=== Data segment ===
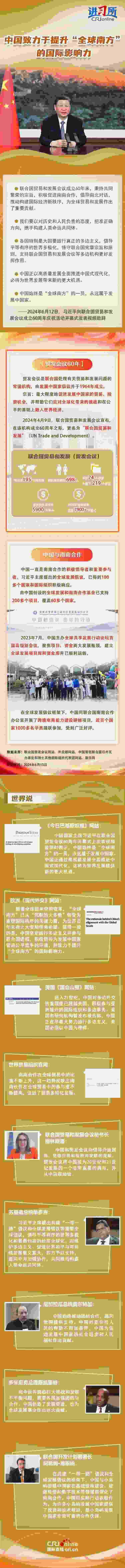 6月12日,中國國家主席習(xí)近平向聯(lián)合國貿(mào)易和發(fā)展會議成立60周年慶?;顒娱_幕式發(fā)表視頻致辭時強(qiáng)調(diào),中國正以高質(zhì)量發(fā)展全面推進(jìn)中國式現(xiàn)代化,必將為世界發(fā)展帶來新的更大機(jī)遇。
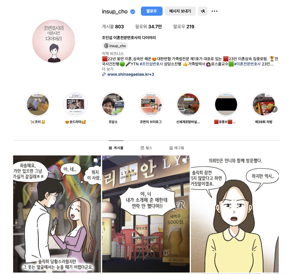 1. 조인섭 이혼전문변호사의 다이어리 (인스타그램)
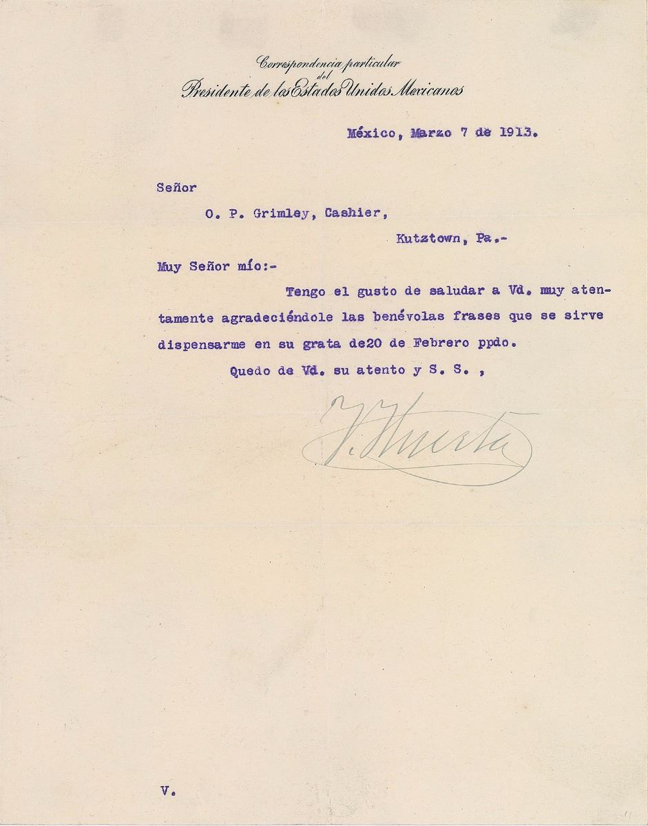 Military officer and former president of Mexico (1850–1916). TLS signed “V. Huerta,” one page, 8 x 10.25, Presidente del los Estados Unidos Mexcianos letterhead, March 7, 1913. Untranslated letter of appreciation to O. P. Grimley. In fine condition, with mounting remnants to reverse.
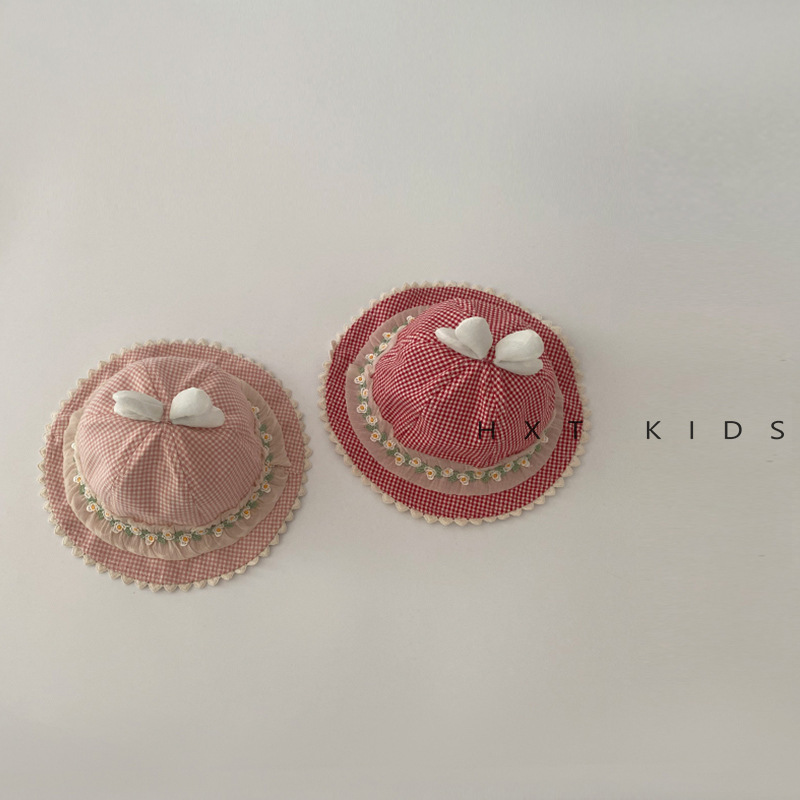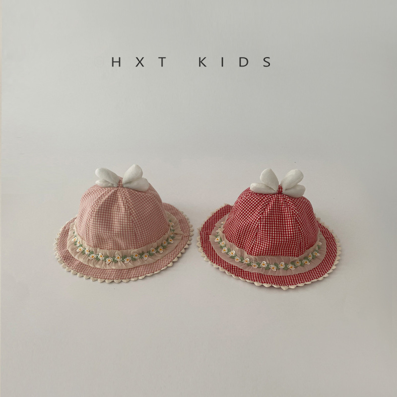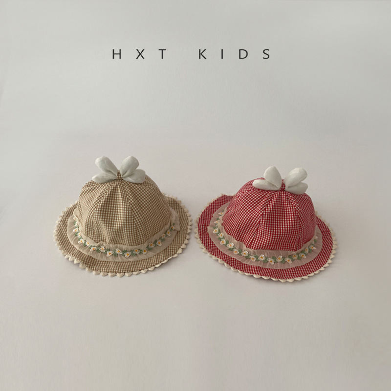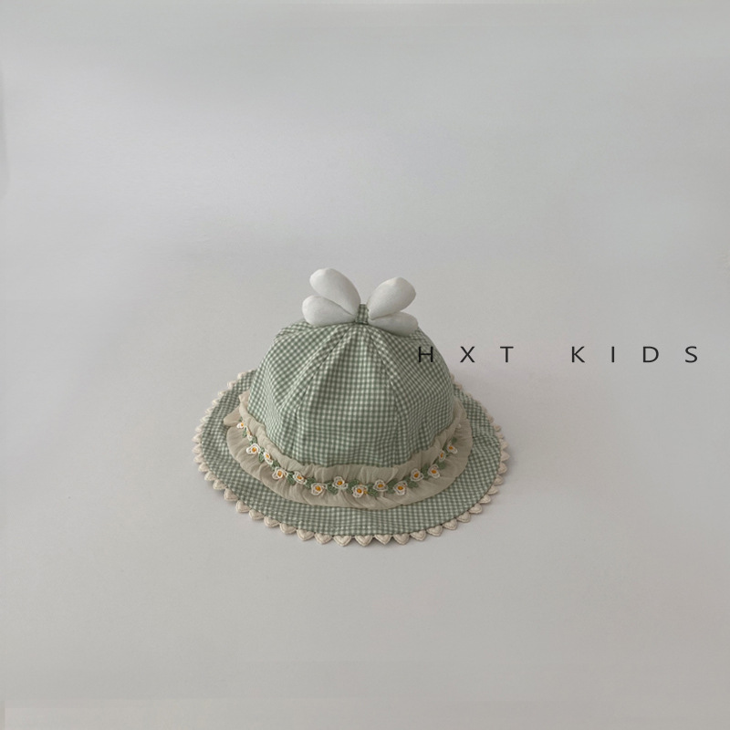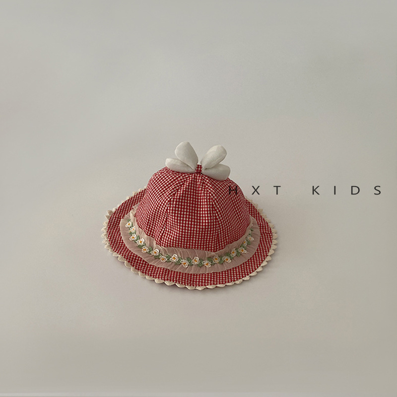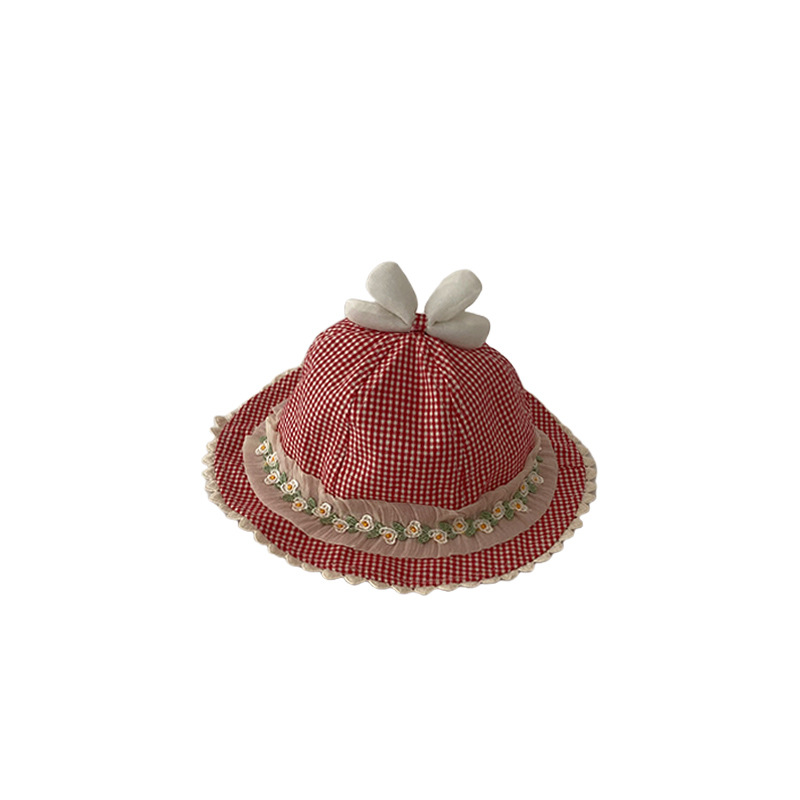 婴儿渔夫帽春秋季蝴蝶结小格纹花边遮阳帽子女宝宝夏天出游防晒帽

=== Task prompt ===
Starting at the line that contains "Military officer and" and ending at the final line of the data, reproduce each line exactly. Pictures stay out of the copy.

=== Your solution ===
 Military officer and former president of Mexico (1850–1916). TLS signed “V. Huerta,” one page, 8 x 10.25, Presidente del los Estados Unidos Mexcianos letterhead, March 7, 1913. Untranslated letter of appreciation to O. P. Grimley. In fine condition, with mounting remnants to reverse.
 婴儿渔夫帽春秋季蝴蝶结小格纹花边遮阳帽子女宝宝夏天出游防晒帽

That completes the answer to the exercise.